Mechanism: Empirical benchmark of LLMs on online learning + repeated games (regret + equilibrium convergence); theoretical link from supervised pretraining to softmax-over-payoffs (a no-regret update); construction of a label-free regret-loss with generalisation + optimisation guarantees; recovery of FTRL-like algorithms as the loss is minimised.
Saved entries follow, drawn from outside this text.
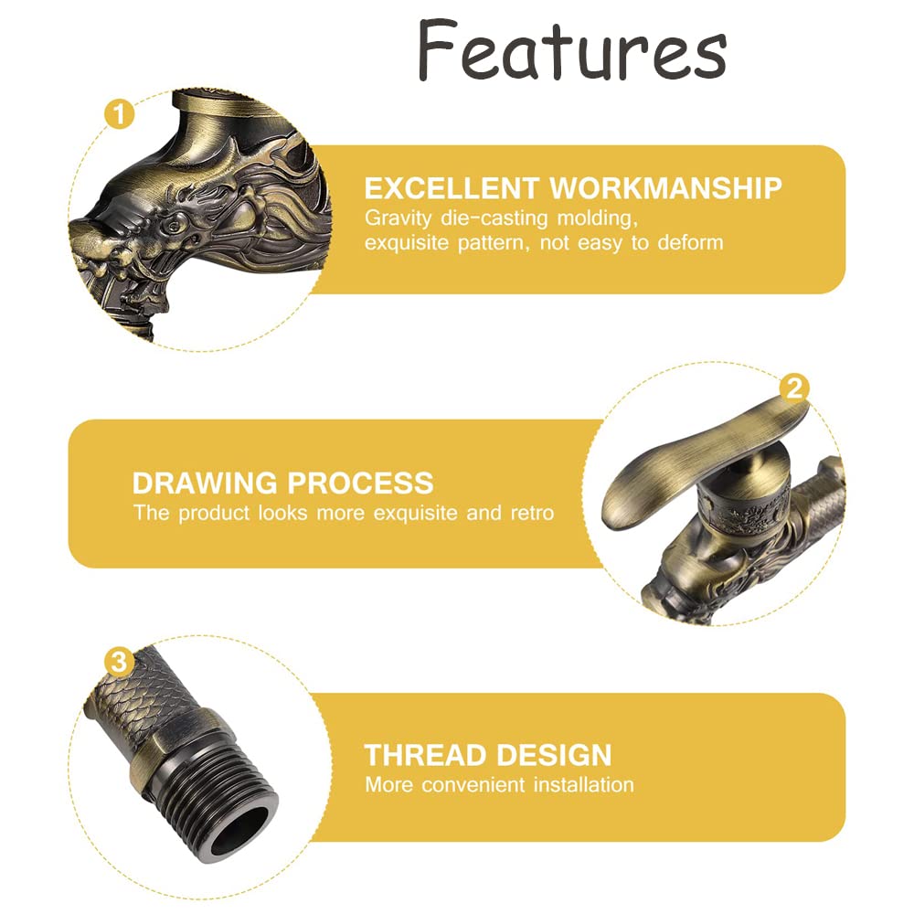 Nizirioo Vintage Robinet en Forme de Dragon Sculpté - Long 1/2 Robinet Fontaine Leruiyezs Robinet Exterieur Jardin,en Laiton Antique,1/2",Mural Robinet Laiton Exterieur CCC robinet de jardin mural décoratif d'extérieur sculpté rétro, Machine à laver, serpillière... Design rétro dragon raffiné et fonctionnel : Ce robinet exterieur séduit par son apparence vintage avec des détails sculptés, idéal pour une fontaine murale ou un robinet de jardin et s'intègre harmonieusement dans des environnements extérieurs classiques ou rustiques Robinet Mural Rétro, Robinet Exterieur Jardin G1-2, Antique Dragon Sculpté Robinet Antique... Utilisation ergonomique au quotidien : Équipé d’une poignée unique facile à manier, ce robinet fontaine permet de contrôler le débit d’eau avec précision, parfait pour une installation murale dans un jardin, une terrasse ou un évier extérieur Facile à installer et à raccorder : Compatible avec la plupart des raccords standards, ce robinet de jardin mural s’installe sans effort à l’aide d’accessoires usuels, ce qui le rend pratique pour une utilisation dans les cuisines, balcons ou machines à laver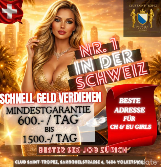Garantie minimale 600 francs par jour !Best Sexjob zürich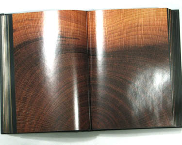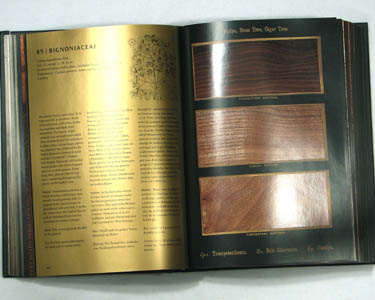 Presented to the left of this text are images of the cover, one each of the gold-background and the black-background pages, and one of the occasional pages that show an enlargement of one of the woods. Except for the cover image, you can click on the images and see a pretty much full-size enlargement. Keep in mind that these images were taken in a bright light, so the gold on black pages are readable here in a way that they are not in a more normal light.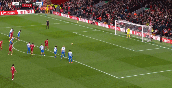 第16分钟,萨拉赫主罚小角度任意球直接攻门,皮球偏出立柱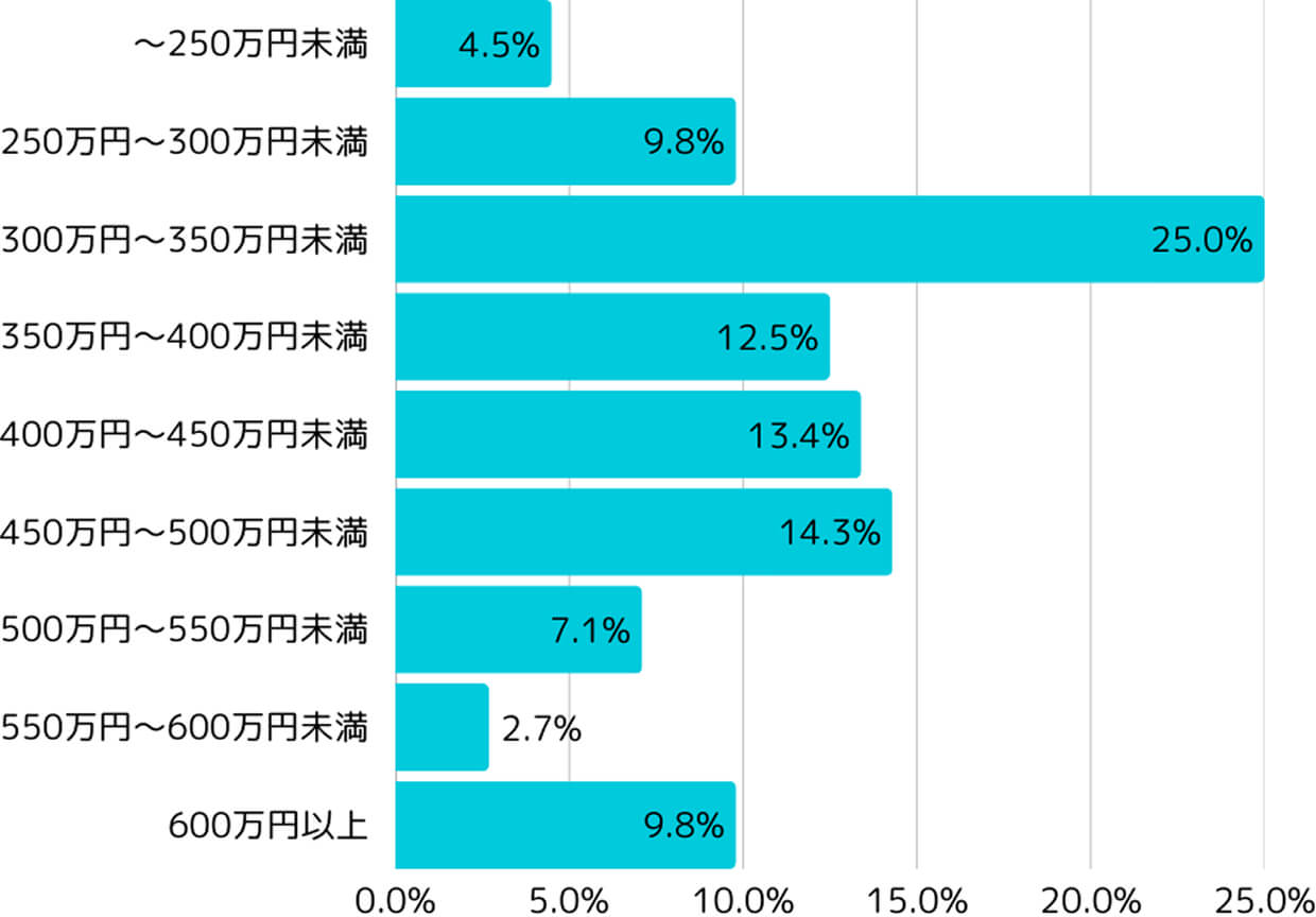 一方で、フォスターが行った調査によれば、製造業に従事する20代の希望年収は「300万円~350万円」が最も多く、全体の25%を占めています。さらに、「300万円~500万円」の範囲に希望年収が集中しており、全体の約65%にのぼります。これは、若年層の多くが給与に対して現実的な期待を持っていることを示しています。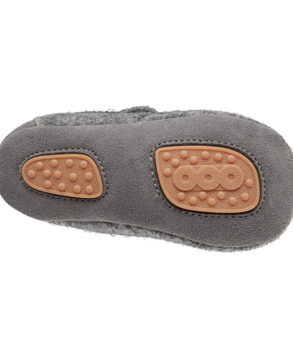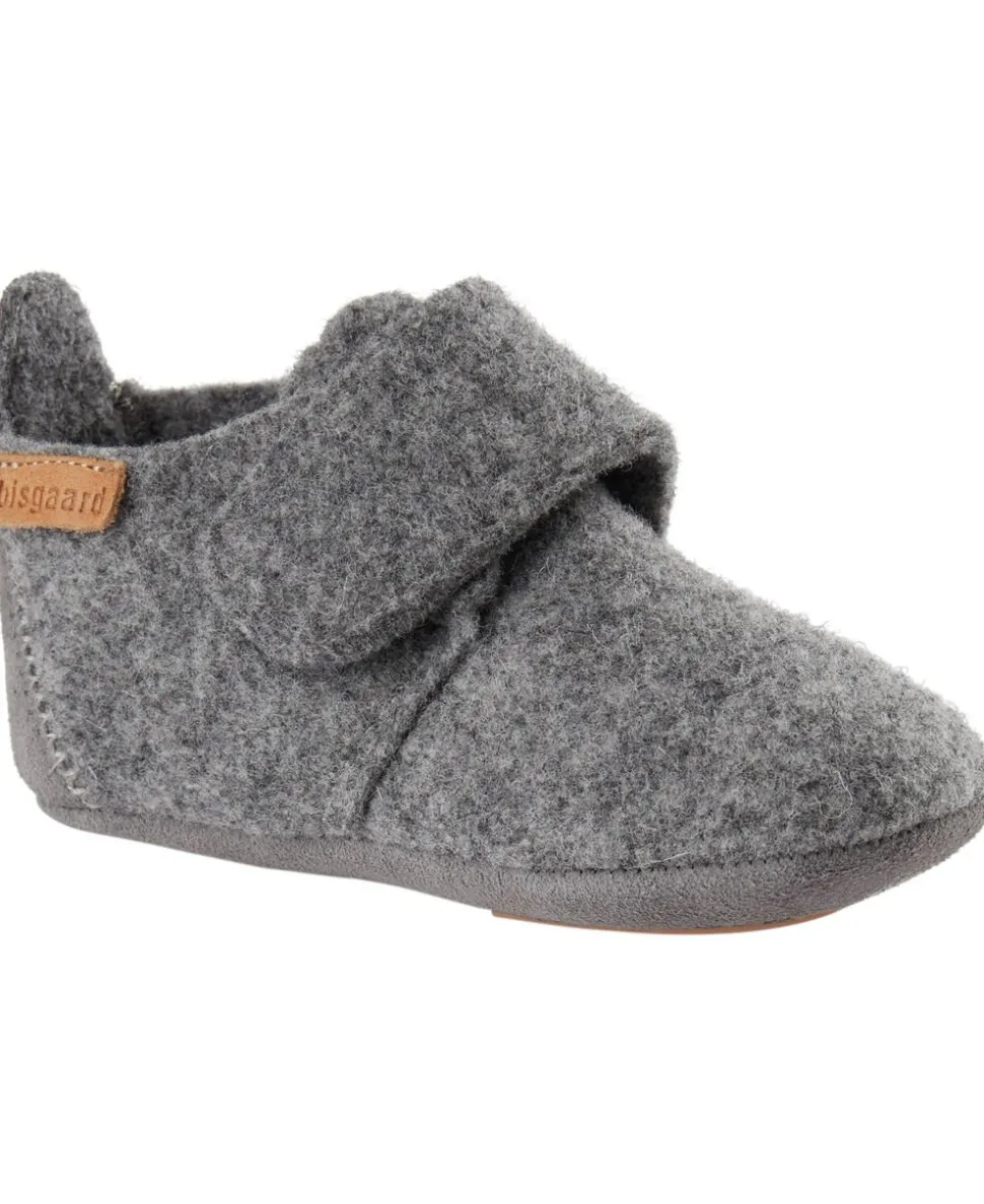 Uldhjemmesko med velcrolukning og en blød sål af ruskind og skridsikker gummi, der giver den optimale støtte. Hjemmeskoen er produceret i naturligt uld, der er lukket rundt om foden og samtidig giver foden plads til at vokse.bisgaard eco careNaturligt læder, bomuld, gummi og uld der omslutter fødderne. Fri for kemikalier, krom og metaller.Produceret i åndbart materiale.Anbefalet voksetillæg: ca. 1 cm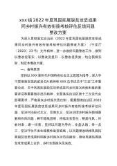 xxx镇2022年度巩固拓展脱贫攻坚成果同乡村振兴有效衔接考核评估反馈问题整改方案为深入贯彻落实自治区《2022年度巩固拓展脱贫攻坚成果同乡村振兴有效衔接考核评估问题整改方案》(宁党厅〔2023〕23号)文件精神,进一步做好问题整改工作,做到以整改促落实,以整改促提升,以整改促质效,结合我镇实际,制定本整改方案。一、指导思想坚持以XXX新时代中国特色社会主义思想为指导,深入学习贯彻落实党的贰拾DA精神和习近平总书记关于“三农”工作重要论述、关于巩固拓展脱贫攻坚成果同乡村振兴有效衔接的重要讲话和重要指示批示精神,全面落实自治区第十三次党代会部署要求,严格落实乡村振兴责任制,紧紧围绕自治区2022...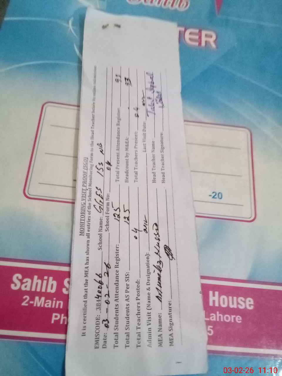| Attendance Register | Head Teacher | MEA with School | Visit Proof |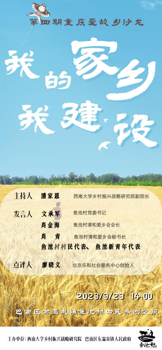 本次沙龙以“我的家乡我建设”为主题,由best365英国在线体育官网乡村振兴战略研究院副院长潘家恩教授主持,巴南区东温泉镇副镇长黎泳霞出席,鱼池村及鱼池坎社区主干、鱼池村“四民”代表、各类乡贤与政府官员、专家学者一起共话鱼池乡村建设,鱼池村荣誉村民、北京乐和社会服务中心创始人廖晓义进行点评。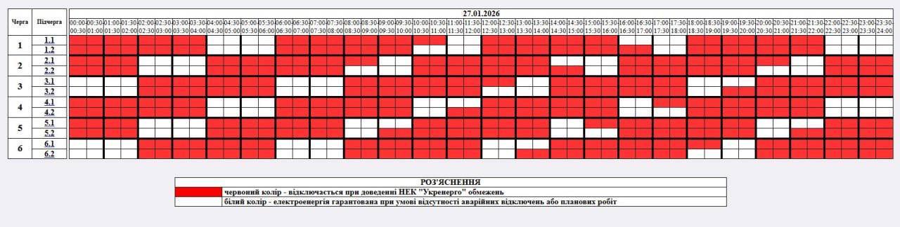 По всій Україні 27 січня запроваджуються графіки погодинних відключень та графіки обмеження потужності для промислових споживачів через наслідки попередніх російських ударів дронами та ракетами по енергооб'єктах. У ДТЕК оприлюднили графіки для Дніпропетровської та Київської областей.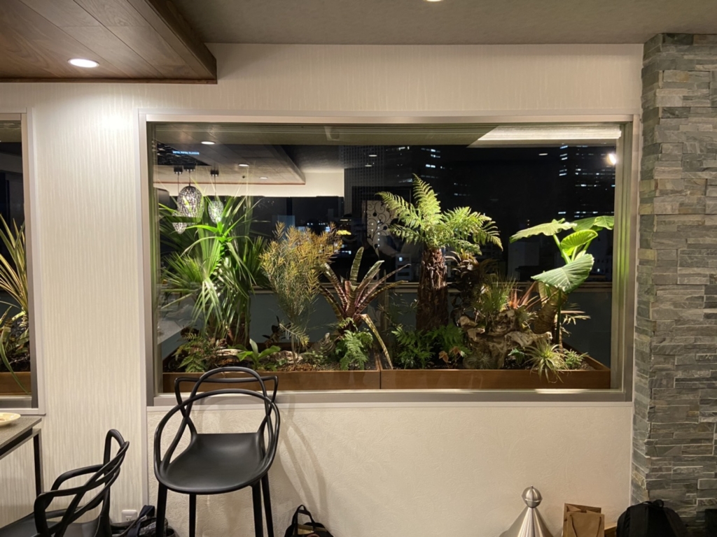 そしてライトアップされた植物が夜景と凄く綺麗にマッチしていますね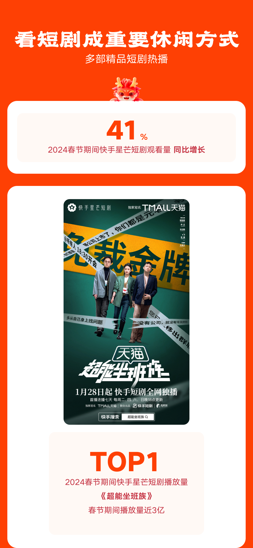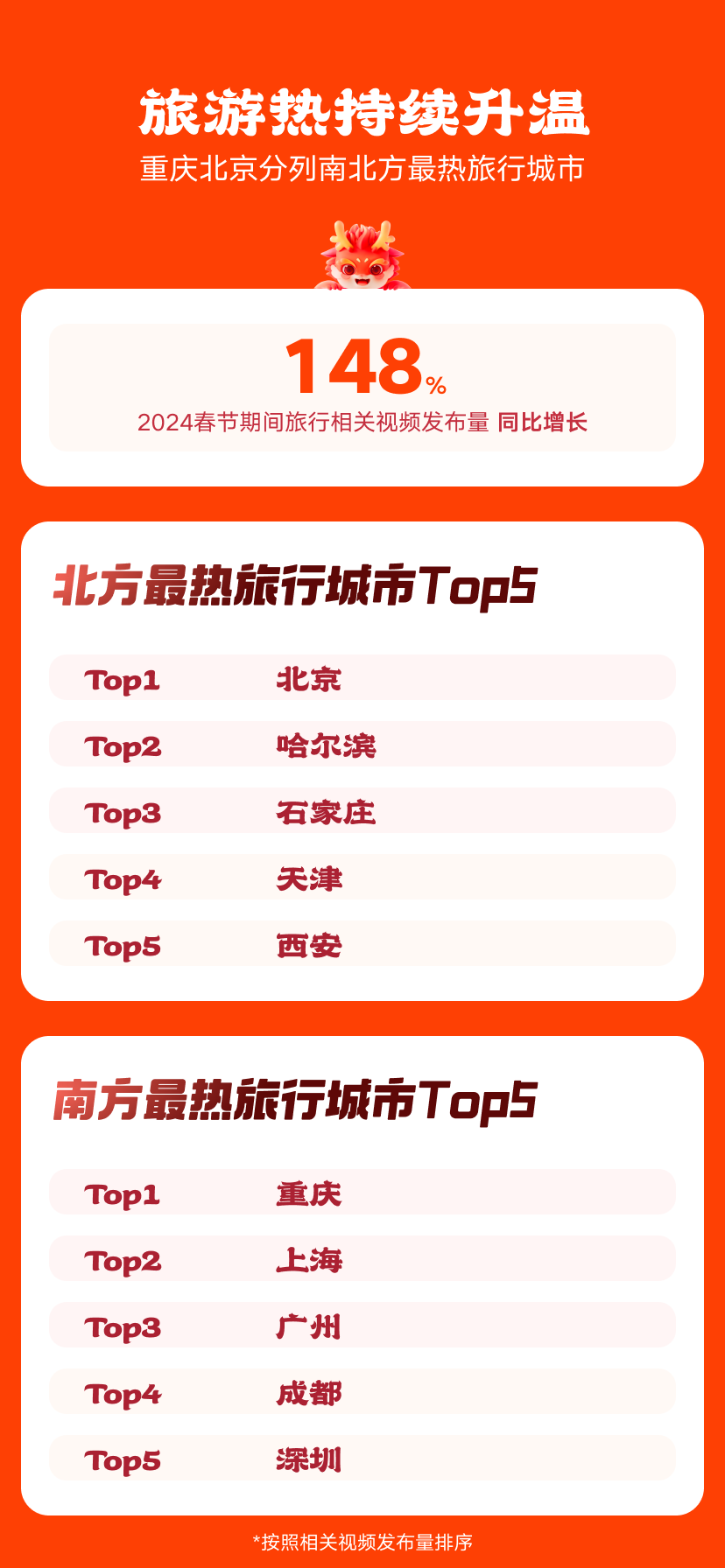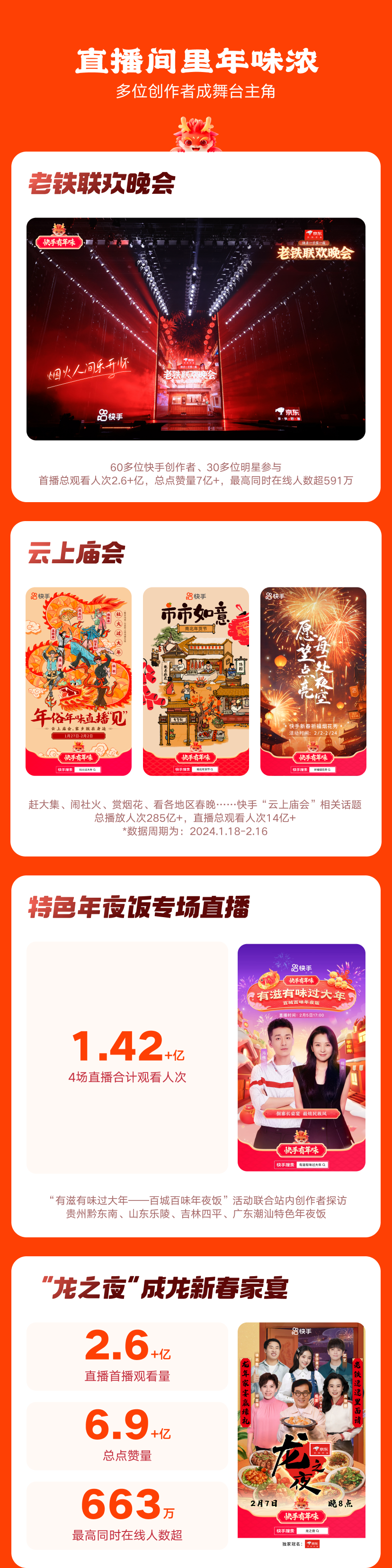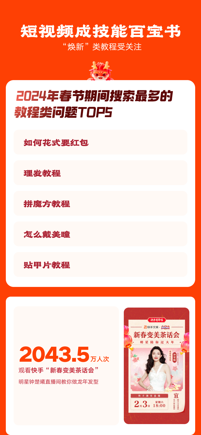 2月20日,快手發(fā)布了《2024快手春節(jié)報(bào)告》,其中詳細(xì)描繪了春節(jié)期間的各種熱鬧場景。 在這個(gè)報(bào)告中,帝王蟹以其獨(dú)特的魅力,擊敗了小酥肉和清蒸鱸魚,躋身最熱年夜飯Top6。與此同時(shí),“如何花式要紅包”成為了最受矚目的教程類問題,展現(xiàn)出人們對春節(jié)紅包的熱衷和期待。 春節(jié)期間,旅行、逛菜市場、看短劇等活動(dòng)持續(xù)升溫。在這個(gè)喜慶的時(shí)刻,重慶和北京分別成為了南北方最熱門的旅行城市,吸引了眾多游客前來感受當(dāng)?shù)鬲?dú)特的年味。此外,英歌舞、簪花圍等非遺民俗活動(dòng)也備受矚目,讓更多的人通過短視頻和直播領(lǐng)略到了中國傳統(tǒng)文化的魅力。 |

Concepts introduced/used: No-Regret Learning, Regret-Loss, Online Learning, Repeated Game, Coarse-Correlated Equilibrium, FTRL, LLM Agents
Stance: empirical + theoretical
Relates to: Cousin work to Cicero Human-Level Play in Diplomacy in the “LLMs as game-theoretic agents” thread. Provides the analytical foundation for the systemic-risk claims in Virtual Agent Economies and the collusion experiments in Learning Collusion in Episodic Inventory-Constrained Markets; mechanism-design implications for Mechanism Design for Large Language Models; the trust assumption behind Language Models Can Reduce Asymmetry in Information Markets depends on agents being approximately no-regret.